START DATA SECTION
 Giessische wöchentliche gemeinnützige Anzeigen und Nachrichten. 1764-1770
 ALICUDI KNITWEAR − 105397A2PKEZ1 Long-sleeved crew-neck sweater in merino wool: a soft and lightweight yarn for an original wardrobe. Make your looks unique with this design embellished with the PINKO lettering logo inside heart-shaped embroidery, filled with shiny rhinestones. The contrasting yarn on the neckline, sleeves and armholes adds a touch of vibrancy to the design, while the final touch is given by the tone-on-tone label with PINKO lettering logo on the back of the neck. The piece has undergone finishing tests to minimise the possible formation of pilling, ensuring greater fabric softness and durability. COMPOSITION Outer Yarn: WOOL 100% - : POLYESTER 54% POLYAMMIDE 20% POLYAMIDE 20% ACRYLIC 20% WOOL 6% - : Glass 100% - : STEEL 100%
END DATA SECTION
START DATA SECTION
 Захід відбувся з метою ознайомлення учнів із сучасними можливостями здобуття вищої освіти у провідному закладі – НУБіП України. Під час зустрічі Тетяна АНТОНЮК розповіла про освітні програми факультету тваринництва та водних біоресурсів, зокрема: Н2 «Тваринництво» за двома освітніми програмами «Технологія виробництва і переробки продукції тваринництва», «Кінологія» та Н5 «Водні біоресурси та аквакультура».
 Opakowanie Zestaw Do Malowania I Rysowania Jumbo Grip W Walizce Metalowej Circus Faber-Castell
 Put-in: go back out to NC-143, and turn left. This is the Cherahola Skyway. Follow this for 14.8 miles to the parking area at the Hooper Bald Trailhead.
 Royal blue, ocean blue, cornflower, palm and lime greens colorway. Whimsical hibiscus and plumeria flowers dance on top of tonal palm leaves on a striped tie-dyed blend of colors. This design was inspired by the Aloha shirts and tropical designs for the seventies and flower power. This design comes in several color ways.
END DATA SECTION
### REQUIRED ACTION
Every line above from the line with "Захід відбувся з" to the line with "Royal blue, ocean", both included, must be reproduced exactly, and no other line may appear.

### TASK RESPONSE
 Захід відбувся з метою ознайомлення учнів із сучасними можливостями здобуття вищої освіти у провідному закладі – НУБіП України. Під час зустрічі Тетяна АНТОНЮК розповіла про освітні програми факультету тваринництва та водних біоресурсів, зокрема: Н2 «Тваринництво» за двома освітніми програмами «Технологія виробництва і переробки продукції тваринництва», «Кінологія» та Н5 «Водні біоресурси та аквакультура».
 Opakowanie Zestaw Do Malowania I Rysowania Jumbo Grip W Walizce Metalowej Circus Faber-Castell
 Put-in: go back out to NC-143, and turn left. This is the Cherahola Skyway. Follow this for 14.8 miles to the parking area at the Hooper Bald Trailhead.
 Royal blue, ocean blue, cornflower, palm and lime greens colorway. Whimsical hibiscus and plumeria flowers dance on top of tonal palm leaves on a striped tie-dyed blend of colors. This design was inspired by the Aloha shirts and tropical designs for the seventies and flower power. This design comes in several color ways.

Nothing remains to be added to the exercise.